Storage costs are continually on the rise
IT organizations create multiple, redundant copies of test data, resulting in inefficient use of storage. To meet concurrent demands within the confines of storage capacity, operations teams must coordinate test data availability across multiple teams, applications, and release versions. As a result, development teams often contend for limited, shared environments, resulting in the serialization of critical application projects.
Common Types of Test Data
No single technology exists that fulfills all TDM requirements. Rather, teams must build an integrated solution that provides all the data types required to meet a diverse set of testing needs. Once test data requirements have been identified, a successful TDM approach should aim to provide the appropriate types of test data, weighing the pros and cons of each.
Production data provides the most complete test coverage, but it usually comes at the expense of agility and storage costs. For some applications, it can also mean exposing sensitive data.
Subsets of production data are significantly more agile than full copies. They can provide some savings on hardware, CPU, and licensing costs, but it can be difficult to achieve sufficient test coverage.

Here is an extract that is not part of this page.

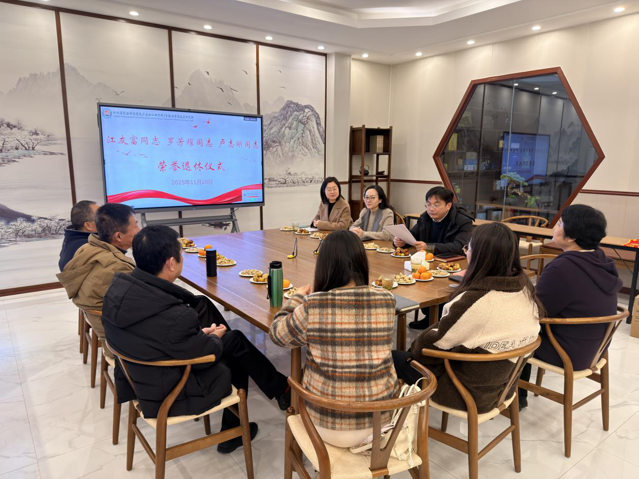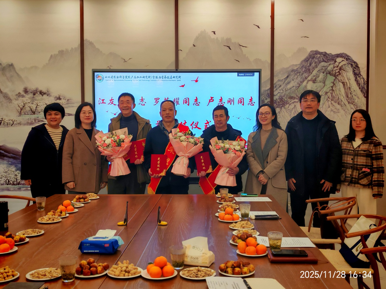 为深入贯彻落实《中共四川省农业科学院委员会关于规范干部职工退休有关工作的实施细则》精神,增强所退休职工的归属感和幸福感增强, 11月28日,院加工所在四合院品鉴室为江友富、罗芳耀、卢志刚三位同志举办荣退休仪式。所党委副书记 所长 李华佳、所党委员 副所长 高佳及相关部门同事参加活动,仪式由所党委委员 副所长 李治华主持。

Masked production data (either full sets or subsets) makes it possible for development teams to use real data without introducing unsafe levels of risk. However, masking processes can elongate environment provisioning. Also, masking requires staging environments with additional storage and staff to ensure referential integrity after data is transformed.
Synthetic data circumvents security issues, but the space savings are limited. While synthetic data might be required to test new features, this is only a relatively small percentage of test cases. If performed manually, creating test data is also prone to human error and requires an in-depth understanding of data relationships both within the database schema or file system, as well as those implicit in the data itself.
Best Practices for Test Data Management: How to Effectively Prepare Your Test Data
A comprehensive approach should seek to improve TDM in each of the following areas:
- Data delivery: reducing the time to deliver test data to a developer or tester
- Data quality: meeting requirements for high-fidelity test data
- Data security: minimizing security risks without compromising speed
- Infrastructure costs: lowering the costs of storing and archiving test data. The following sections highlight the top evaluative criteria for a TDM approach.
Creating a copy of production data for development or testing is often a time-consuming, labor-intensive process that usually lags demand. Organizations must build a solution that streamlines this process and creates a path towards fast, repeatable data delivery. Specifically, application team leaders should look for solutions that feature:
- Automation: Modern software toolsets already include technologies to automate build processes, infrastructure delivery, and testing, among other DevOps capabilities. However, organizations often lack equivalent tools for delivering copies of test data with the same level of automation. A streamlined TDM approach eliminates manual processes—such as target database initialization, configuration steps, and validation checks—providing a low touch approach to standing up new data environments.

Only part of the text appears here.